Fortunately, Rust left me a tiny string to pull on. Clippy, the cheerfully named “linter” built into Rust, was throwing a warning that the trust level variable was not being used at a point where I thought it should be – I was storing it in the Context after it was created, but nobody every referred to it after then. That’s strange – it should be necessary for every redraw of the Context! So, I started by removing the variable, and seeing what broke. This rapidly led me to recall that I was also storing the trust level inside the Canvases within the Context when they were being created, which is why I had this dangling reference. Once I had that clue, I was able to refactor the trust computations to refer only to that one source of ground truth. This also led me to discover other bugs that had been lurking because in fact I was never exercising some code paths that I thought I was using on a routine basis. After just a couple hours of poking around, I had a clear-headed view of how this was all working, and I had refactored the trust computation system with tidy APIs that were simple and easier to understand, without having to toss the entire code base.

This is just one of many positive experiences I’ve had with Rust in maintaining the Xous code base. It’s one of the first times I’ve walked into a big release with my head up and a positive attitude, because for the first time ever, I feel like maybe I have a chance of being able deal with hard bugs in an honest fashion.
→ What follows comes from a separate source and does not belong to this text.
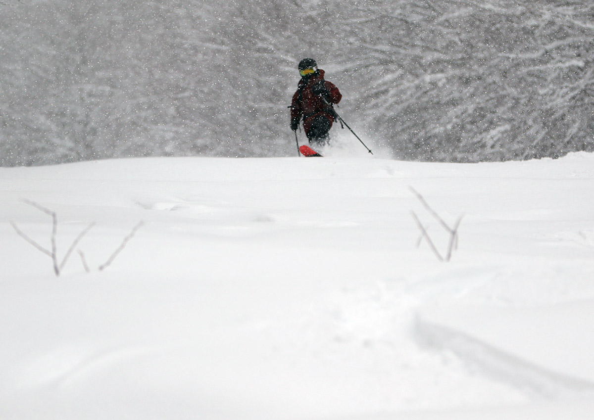My initial plan was to catch a couple of runs on my way to work for a meeting, and it was just dumping 1-2”/hr snowfall with ski conditions that were off the hook. It was the kind of snowfall where if you don’t move around much during the lift ride, you find a half inch of accumulation pouring off you when you disembark from the lift. Although there was no wind down at the base at 1,500’, up at 2,500’ there was a touch of wind, but nothing too serious – all around the mountain you could just see the upslope snow stacking up on everything. Even the deciduous branches were just loaded with snow, and it was too such a degree that you couldn’t see a thing through areas of the forest that normally let you catch glimpses of adjoining trails. The heavy snowfall helped to make everything intensely quiet; between the snow piled on the trees, the air filled with huge, fat flakes, and the ground covered with powder, sounds were muffled to almost nothing.

I’m spending less time making excuses in my head to justify why things were done this way and why we can’t take that pull request, and more time thinking about all the ways things can get better, because I know Clippy has my back.

Caveat Coder

Anyways, that’s a lot of ranting about software for a hardware guy. Software people are quick to remind me that first and foremost, I make circuits and aluminum cases, not code, therefore I have no place ranting about software. They’re right – I actually have no “formal” training to write code “the right way”. When I was in college, I learned Maxwell’s equations, not algorithms. I could never be a professional programmer, because I couldn’t pass even the simplest coding interview. Don’t ask me to write a linked list: I already know that I don’t know how to do it correctly; you don’t need to prove that to me. This is because whenever I find myself writing a linked list (or any other foundational data structure for that matter), I immediately stop myself and question all the life choices that brought me to that point: isn’t this what libraries are for? Do I really need to be re-inventing the wheel? If there is any correlation between doing well in a coding interview and actual coding ability, then you should definitely take my opinions with the grain of salt.

Still, after spending a couple years in the foxhole with Rust and reading countless glowing articles about the language, I felt like maybe a post that shared some critical perspectives about the language would be a refreshing change of pace.